- The Washington Times - Thursday, August 30, 2001

BEIT JALLA, West Bank Israeli troops withdrew early today from the Palestinian town of Beit Jalla after a two-day incursion, the longest in 11 months of fighting. Fierce gun battles erupted elsewhere in the West Bank, and two Palestinians a gunman and a doctor were killed by Israeli fire.
Twenty-six Palestinians were wounded, doctors said.
Also today, a 60-year-old Israeli man was killed in a restaurant in a Palestinian village as he waited for his food to be served. The man, who was friendly with the restaurant owner, was shot in the head by a masked man, witnesses said.

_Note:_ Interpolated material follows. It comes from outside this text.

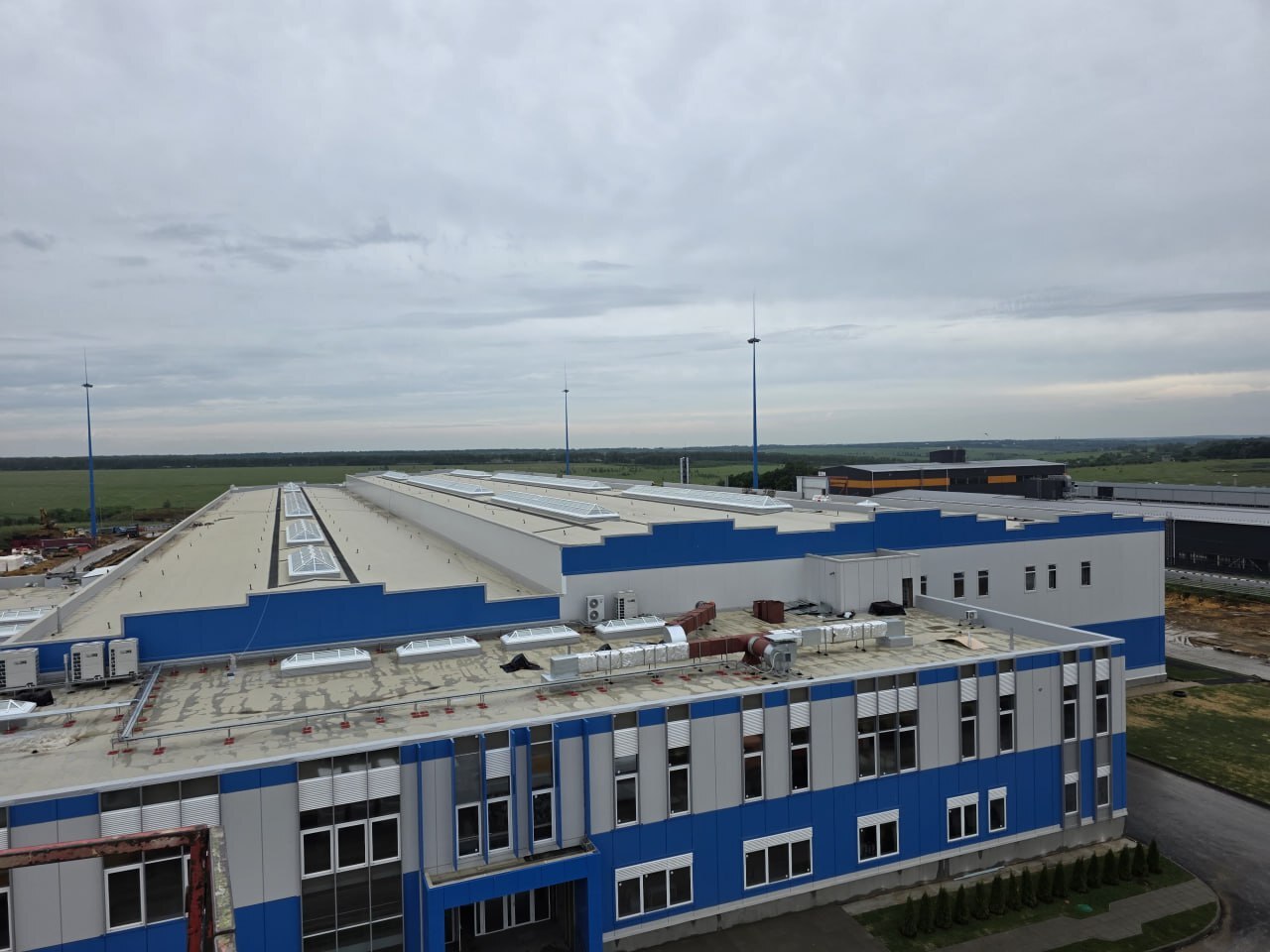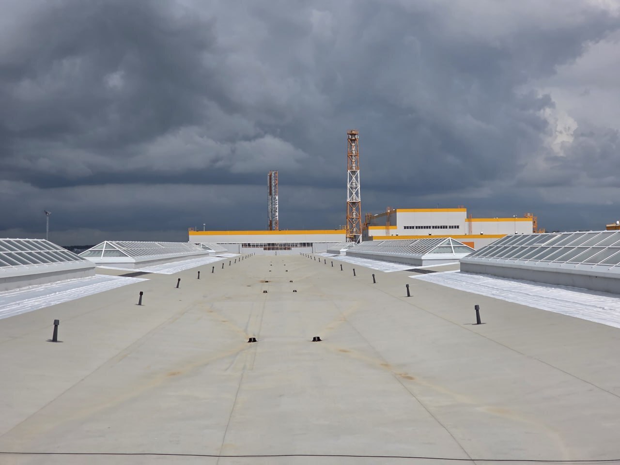 Компания «СфераСтрой» провела полный комплекс работ по монтажу кровельного покрытиявключая монтаж профнастила, системы кровельного покрытия, монтажу зенитных фонарей из ЛСТК, устройству пешеходных дорожек и обеспечению объекта высокотехнологичными материалами и комплектующими для бесперебойного проведения работ.

The Israeli pullback from Beit Jalla was the result of intense Israeli-Palestinian diplomacy over the telephone, with help from U.S. Secretary of State Colin Powell and European Union officials.
Israeli tanks and jeeps left the town just before dawn. After daybreak, residents gathered in the streets in celebration. Masked gunmen shot in the air, and women clapped and cheered. One gunman wearing a ski cap had ammunition belts draped across his chest and fired bursts from a machine gun.

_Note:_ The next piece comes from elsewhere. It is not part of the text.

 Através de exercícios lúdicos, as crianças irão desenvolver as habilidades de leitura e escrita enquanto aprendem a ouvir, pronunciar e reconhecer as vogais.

Israeli tanks and troops entered Beit Jalla on Tuesday, following massive Palestinian shooting from there at Gilo, a nearby Jewish neighborhood built on land won in the 1967 Mideast war and annexed to Jerusalem.
Israeli Defense Minister Binyamin Ben-Eliezer said troops would remain near Beit Jalla, but stopped short of threatening another raid if shooting resumed. He said he hoped Palestinian leader Yasser Arafat would keep his word that Gilo would not come under fire again.
Israeli Foreign Minister Shimon Peres, who helped broker the pullback, said that once calm was restored in the Jerusalem area, he could begin talks on a comprehensive truce with Mr. Arafat next week.
Israel's presence in Beit Jalla marked the longest incursion into Palestinian territory since the fighting began. The United States had sharply criticized the raid, and the withdrawal highlighted the limitations Israel faces when responding to Palestinian attacks. The incursion won broad support among Israelis, but critics said that in the long run it weakened Israel's deterrence.
As calm returned to Beit Jalla and Gilo, heavy gunbattles erupted today in Hebron in the southern West Bank. Palestinians opened fire on Israeli troops after the funeral of a captain in the Palestinian security forces who was killed by Israeli fire a day earlier.
Taking cover behind buildings, several dozen gunmen and Palestinian police officers fired at Israeli tanks positioned in Israeli-controlled areas of the divided city. One armed Palestinian crouched on the ground as bullets hit the street nearby.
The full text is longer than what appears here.